Putin long has denied any standing for Ukraine to exist as a separate nation, or Ukrainians as a separate people. He cites history, when Ukraine was part of the Russian empire, and later of the Soviet Union.
In a long essay last year, “On the Historical Unity of Russians and Ukrainians,” Putin made clear the depth of his determination on the matter.
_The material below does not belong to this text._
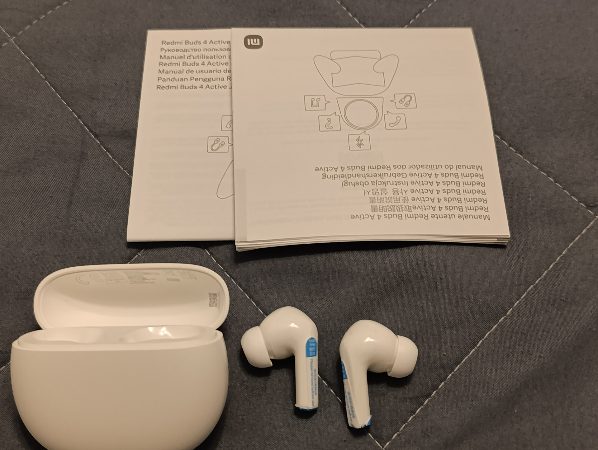 Redmi buds 4 active, не плохие за свою цену (1т.руб). Звук на 4, футляр удобный, поверхность шероховатая, т.е из рук выскальзывать не будет. В режиме разговора хорош. Вкладыши для моих ушей удобные.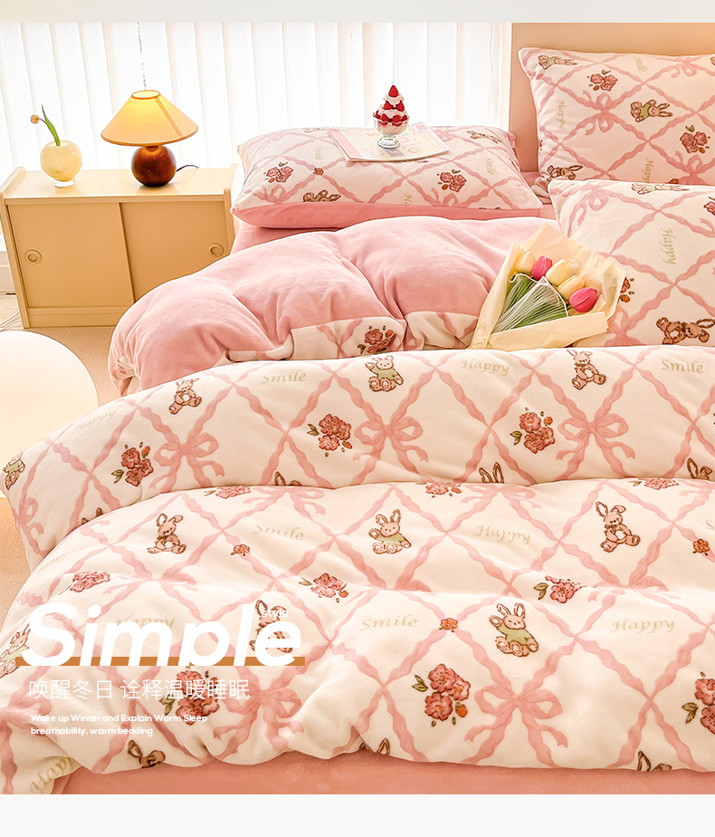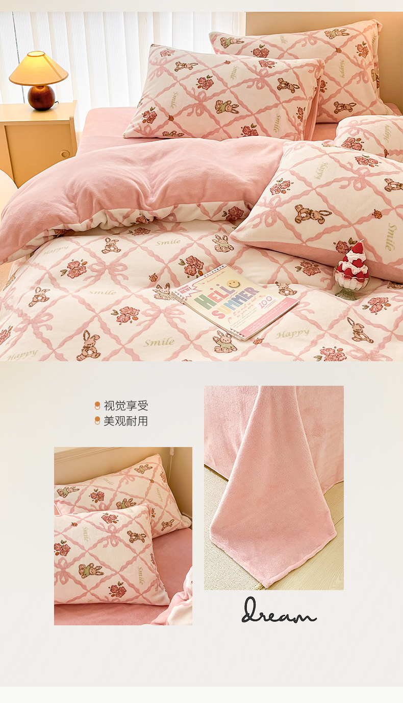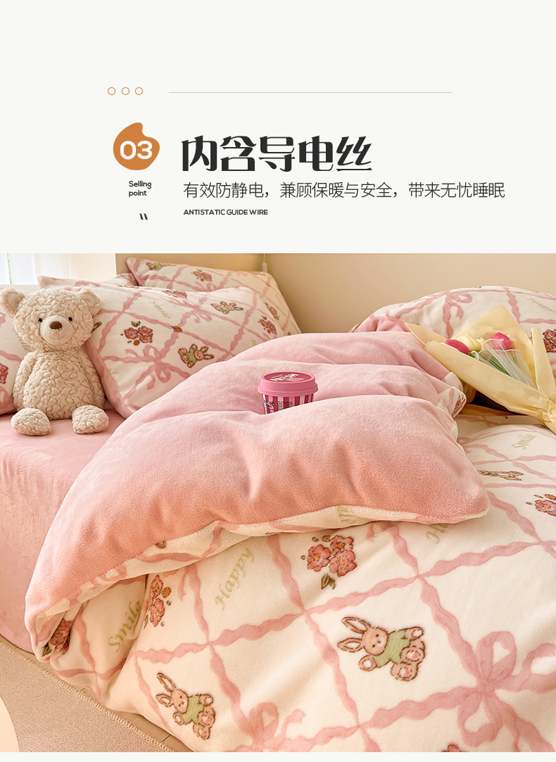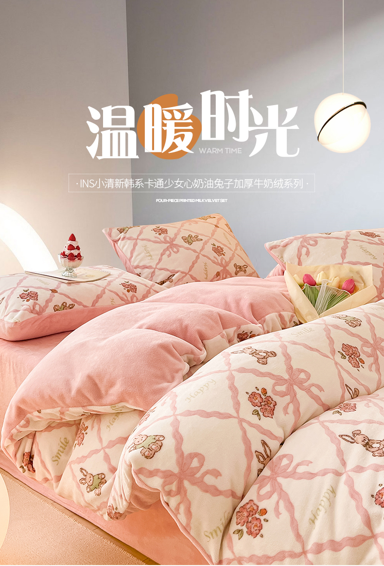 桃子 2023新款ins小清新韩系卡通少女心奶油兔子加厚牛奶绒系列四件套-第一批 绒-菲丽

He called the modern border dividing Russia and Ukraine “our great common misfortune and tragedy.”
Putin and Russian state media falsely call Ukrainian leaders “Nazis” and “drug addicts." Putin has called his military campaign in Ukraine one of de-Nazification.
Gissou Nia, a human-rights lawyer who worked on war crime trials at the Hague, points to two alleged acts by Russia in Ukraine as also possibly showing intent of genocide: Reports of deportation of thousands of Ukrainian children to Russia, and an account, from Ukraine's government, of Russian soldiers telling 25 detained women and girls in Bucha that the Russians aimed to rape them to the point that they never bear any Ukrainian children.
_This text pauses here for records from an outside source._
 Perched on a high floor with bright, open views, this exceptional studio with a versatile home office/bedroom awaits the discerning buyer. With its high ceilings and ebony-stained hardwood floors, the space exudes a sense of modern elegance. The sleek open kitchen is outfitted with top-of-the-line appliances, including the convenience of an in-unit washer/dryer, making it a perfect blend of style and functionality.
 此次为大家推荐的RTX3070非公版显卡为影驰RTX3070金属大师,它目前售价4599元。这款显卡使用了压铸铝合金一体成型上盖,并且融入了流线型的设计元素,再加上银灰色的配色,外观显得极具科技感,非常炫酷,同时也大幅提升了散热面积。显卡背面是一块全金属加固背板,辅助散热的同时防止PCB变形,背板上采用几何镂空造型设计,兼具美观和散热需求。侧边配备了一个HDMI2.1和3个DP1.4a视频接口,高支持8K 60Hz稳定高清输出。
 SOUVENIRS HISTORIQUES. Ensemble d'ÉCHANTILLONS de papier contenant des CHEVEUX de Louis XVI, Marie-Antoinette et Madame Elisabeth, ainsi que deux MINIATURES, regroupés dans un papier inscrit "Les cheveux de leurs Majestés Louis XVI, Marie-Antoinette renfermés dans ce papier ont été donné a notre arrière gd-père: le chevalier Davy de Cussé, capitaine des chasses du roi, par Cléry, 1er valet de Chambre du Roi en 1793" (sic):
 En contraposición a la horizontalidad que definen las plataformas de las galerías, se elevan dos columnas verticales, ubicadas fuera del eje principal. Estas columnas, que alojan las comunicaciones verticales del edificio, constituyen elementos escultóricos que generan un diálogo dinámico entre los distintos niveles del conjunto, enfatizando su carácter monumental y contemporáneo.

Embedded in the genocide convention is an obligation that the U.S. and other signers of the treaty have treated warily — if they acknowledge a genocide is occurring, they're committed to ensuring investigation and prosecution, at the least.
People and countries committing genocide “shall be punished,” the treaty declares, seeking to crush any wiggle room.
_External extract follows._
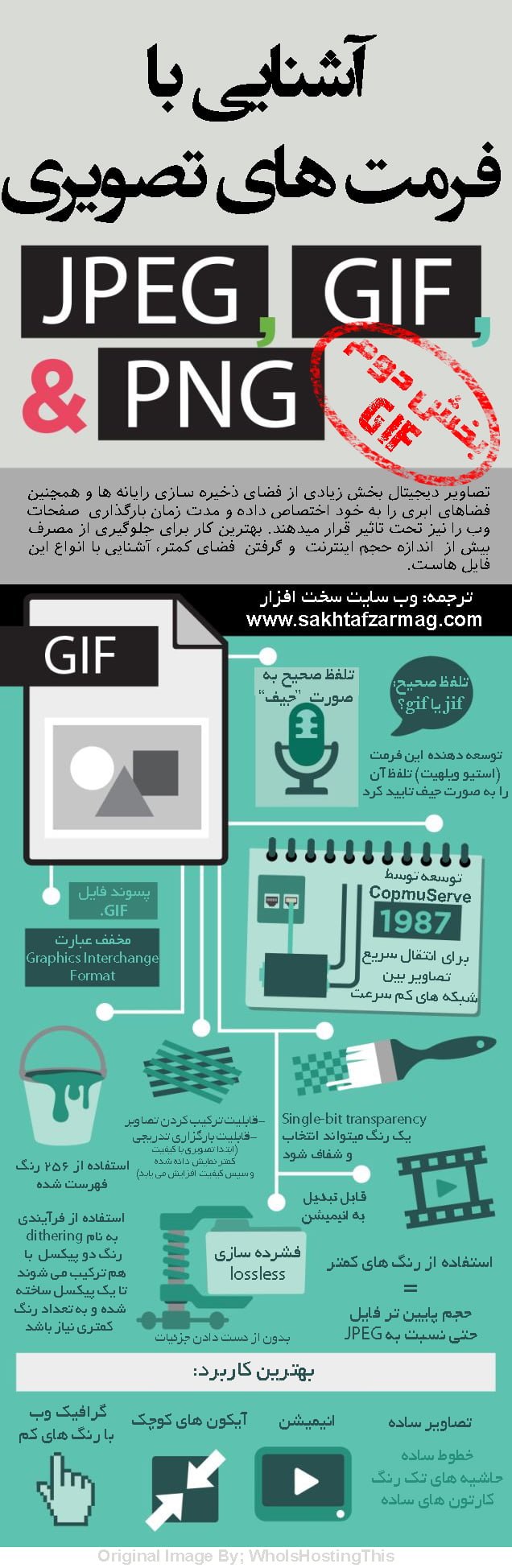 طبق توضیحاتی که قبلا داده شده بود، فرمت های JPEG، PNG و GIF را انتخاب کرده ایم که در سه بخش جداگانه در اختیار شما قرار خواهند گرفت. قسمت اول از اینفوگرافی های آشنایی با فرمت های تصویری سخت افزار به JPEG اختصاص داشت و قسمت دوم نیز به GIF می پردازد. برای مشاهده تصویر با کیفیت بیشتر می توانید آن را در یک پنجره جداگانه باز کنید و یا فایل اینفوگرافی شماره 2 را از لینک انتهای مطلب دانلود کنید.

U.S. leaders for decades dodged using the word “genocide” to avoid increasing the pressure on them to act as mass killings targeted classes of people or ethnic groups in Cambodia, Bosnia, Iraq, Rwanda and elsewhere.
Regretting his failure to do more to stop the killing of 800,000 ethnic Tutsis by Hutus in Rwanda in 1994, Bill Clinton in June 1999 became the first U.S. president to recognize an act of genocide as it was playing out, saying Serb forces carrying out a deadly campaign against ethnic Albanians in Kosovo were attempting genocide.
NATO intervened, lobbing 78 days of airstrikes that forced Serbian fighters' withdrawal from Kosovo. An international tribunal charged Serbian leader Slobodan Milosevic with war crimes, although Milosevic died before his trial concluded.
Starting in 2005, world also leaders embraced – in principle – responsibility for collective action to stop genocide, war crimes and crimes against humanity. Atrocities and targeted campaigns against groups continue around the world, however, and the so-called responsibility to protect is seldom invoked.
U.S. leaders long have feared that acknowledging genocide would require them to intervene, even to send in troops, with all the risks, costs and political backlash that would entail. It's been a main reason leaders limit themselves to angry statements and humanitarian aid.
Biden is adamant the U.S. will not use its own military to confront Russian forces on behalf of Ukraine. Doing so would risk World War III, he says.
He and allies in Europe and elsewhere already are intervening by sanctioning Russia and by sending weapons and other support to Ukraine for its defence.
Biden and other Western leaders also have called for war crimes trials. The International Criminal Court already has started an investigation. But longstanding U.S. opposition to the International Criminal Court, over worries that U.S. troops could face prosecution there one day, complicates such prosecutions. So can Russia's veto power on the UN Security Council. And practically speaking, bringing Putin before a court is a long shot.
In the past, Americans' opposition to entanglement in foreign wars also has helped discourage U.S. leaders from doing more to stop possible acts of genocide.
But Russia's invasion of a neighboufring country and brutality against Ukraine's people have angered Americans in a way that genocidal campaigns in Cambodia, Kurdish areas of Iraq and elsewhere did not.
A recent poll by the Associated Press and NORC Center for Public Affairs Research found that 40% of people in America believe the U.S. should have a “major role” in ending Russia's invasion. Just 13% think the U.S. shouldn't be involved at all.